The 1986 was unlike any he had ever experienced in professional baseball and, probably, his entire amateur baseball career:  Randy Washington failed to produce, hitting a meager .211/.325/.340; his eight homeruns would also mark a career low as well.

There’s an underlying theme among baseball analytics: what context are the numbers in?  Is a player playing in a hitter’s park or a pitcher’s park or neither?  What’s the level of competition?  Baseball analysis is about looking for reasons to buy-low or sell-high on players.  And this season, 1986, was just a buy-low year for Washington.

Yes, his numbers declined, as did his power, but as a 22-year-old in Triple-A for the first time, Randy Washington posted a near one-to-one strikeout-to-walk ratio, 55-48.  And that was in a league where all but two pitching staffs – the Tidewater Tides and Pawtucket Red Sox – had an average age higher than 26; and Tidewater just barely missed the mark (25.7).  Quite simply, Washington was overmatched, but he was able to maintain solid – no, stupendous – pitch recognition skills.

Washington would rebound the next season – 1987 – and have, well, another Washington-type season: .290/.375/.491 with 12 doubles and 15 homeruns.  Despite playing in only 100 games, barely 70% of the league’s total, he ranked twenty-third in homeruns and thirty-fourth in walks (39 BB).

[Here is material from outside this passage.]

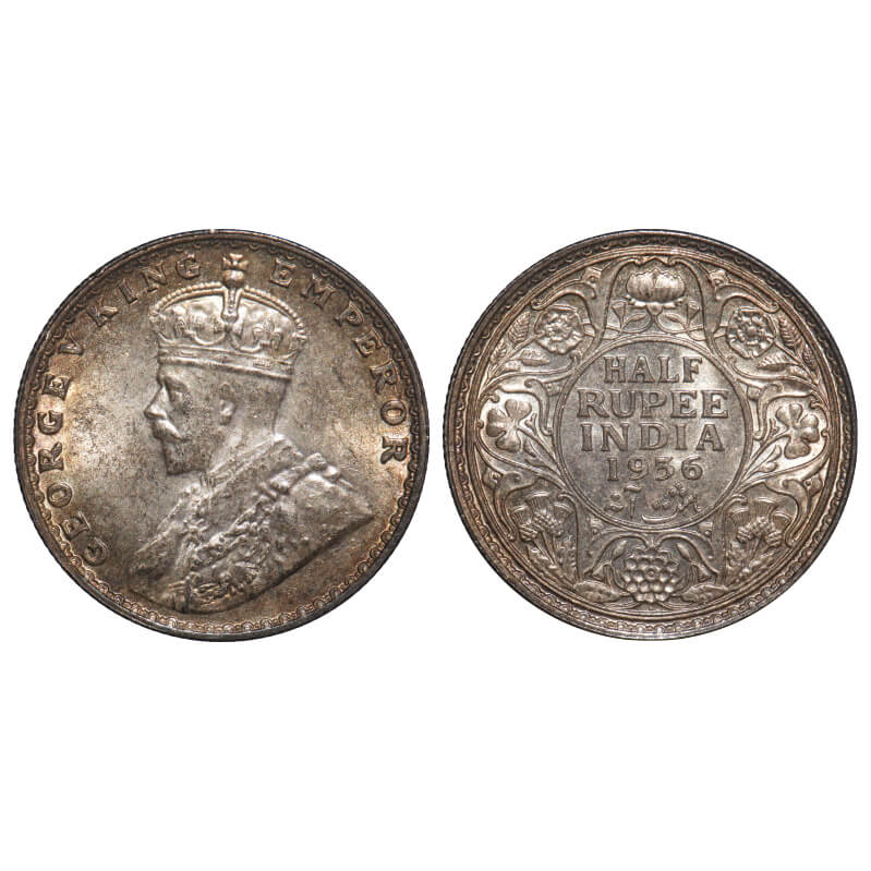 George V, Silver, Half Rupee, 1936, Bombay Mint, Dot, Elephant. F. Prid 350. GK 1076. Mint State, Toned. Rare.

He would decline the next season, his third in AAA.  In 94 games, he hit .285/.361/.426 and his six homeruns would be the lowest of his career.  Actually, 1988 marked the last season in professional baseball for Randy Lynn Washington and semi-thorough internet searches come up with zilch, nothing; his sabrpedia.org page is blank.  Randy Washington never made it to the big leagues, despite hitting .284/.378/.452 throughout his minor league career – all of which was against far older competition.

There’s no reason why he never made.  Maybe his 194 total games over two seasons had something to do with?  Was it injury?  Perhaps.  But maybe it was something else.

It’s not a far reach to say that Randy Washington was among the better young sluggers in the minors during his career.  But for whatever reason, his baseball life ceases to exist past 1988, and, you want to something, that’s a shame, a big shame.